Bölge, kuzeyden gelen barbarların istilaları ve Yakın Doğu'da üç yüz yıl kadar süren soğuk ve kurak dönem nedeniyle bozulmuştur.

Ebla gibi bazı şehirler Naram-Sin of Agade tarafından fethedilir. İstikrarsızlaştırmadan yararlanıyor olması muhtemel, ancak bu fetih yaklaşık yarım asır öncesinden geldiğinden, bunun en azından kısmi bir nedeni de olabilir.
 

 

Zagros Dağları'nda yaşayan olası Hint-Avrupa kabileleri olan 'kuzeyden gelen barbarların' ilk olarak Gutlulardan bahsedildiği gibi sorunlara yol açması tesadüf olmaktan öte bir şey gibi görünüyor.

Aynı dönemde, Luvi halkları biçimindeki Hint-Avrupa kabileleri güney Anadolu'ya yerleşmekte ve bu gruplardan birinin daha güneydeki keşifleri araştırmaktan sorumlu olmasını muhtemel kılıyor.

Yaz aylarında üçüncü hanedanlığının gelişmesi sırasında Suriye devletleri güney ile dostane ilişkiler sürdürmekteydi.

Ancak, Ur'un yıkılmasından sonra, Suriye arkeolojik kayıtları, bilinmeyen nedenlerden dolayı Suriye'nin kuzeyindeki yerleşim yerlerinin sayısında ve boyutlarında bir azalma olduğunu gösteriyor.

Suriye ile ilgili belgeler, Mari'deki arşivlerin başlamasından yaklaşık iki yüzyıl önce bir boşluk yaşıyor.
 

 

Sadece güneydeki ticaret yollarını kontrol eden şehirlerin ayakta kalmayı başarmasıyla bölgenin ekonomik bir gerileme yaşaması mümkün.
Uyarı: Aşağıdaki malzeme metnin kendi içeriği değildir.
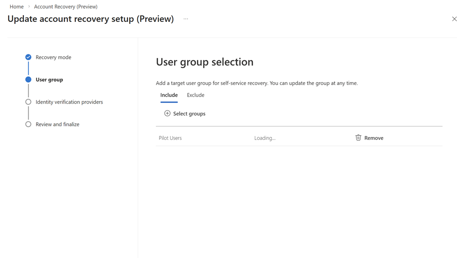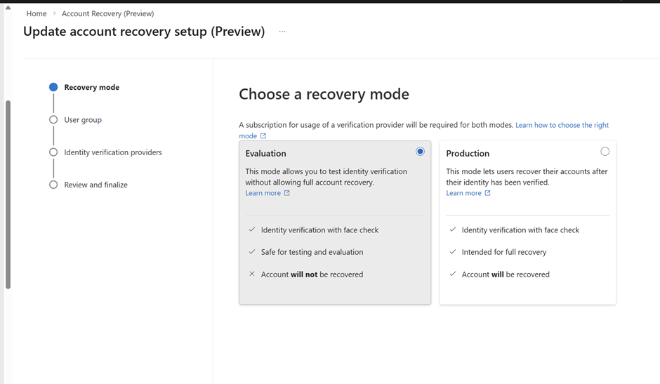 You need to have the Verified ID setup properly configured in your tenant first and the foremost thing to do before proceeding to any steps. If this one is not setup then the account recovery (Preview) is not going to work . Especially your domain needs to be a verified domain here.

Bunlar arasında Ebla, Tuttul ve Urshu ve Akdeniz kenti Gebal'dan gelen haberciler de yer alıyor. Ne askeri ne de siyasi açıdan Suriye kentinin hakim olduğuna dair bir işaret yok.
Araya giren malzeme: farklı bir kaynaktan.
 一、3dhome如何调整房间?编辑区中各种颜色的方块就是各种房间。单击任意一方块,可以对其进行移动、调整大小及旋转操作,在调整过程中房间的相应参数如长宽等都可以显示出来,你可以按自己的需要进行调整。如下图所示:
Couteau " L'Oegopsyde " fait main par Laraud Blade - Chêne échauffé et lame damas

Önemli olarak, bu zamana kadar bölgede, Ur'un düşüşüne büyük katkıda bulunan yarı göçebe bir halk olan güçlü bir bilgi kirliliği var.

Suriye tamamen toparlandı ve eski Suriye'nin uzak kuzeyindeki Yadiya ve batı merkezindeki Katna da dahil olmak üzere yeni küçük devletler veya tamamen kentleşmiş şehirler dalgası belirginleşti.

Birlikte, hükümdarları bilgilendirilmelerinin ne kadar hayati olduğunu gösteren diplomatik yazışmaların büyük saray arşivlerini tutan bir krallık sistemi oluşturuyorlar.


Devam edecek…

 

 

*Bu makalede yer alan fikirler yazara aittir ve Independent Türkçe'nin editöryal politikasını yansıtmayabilir.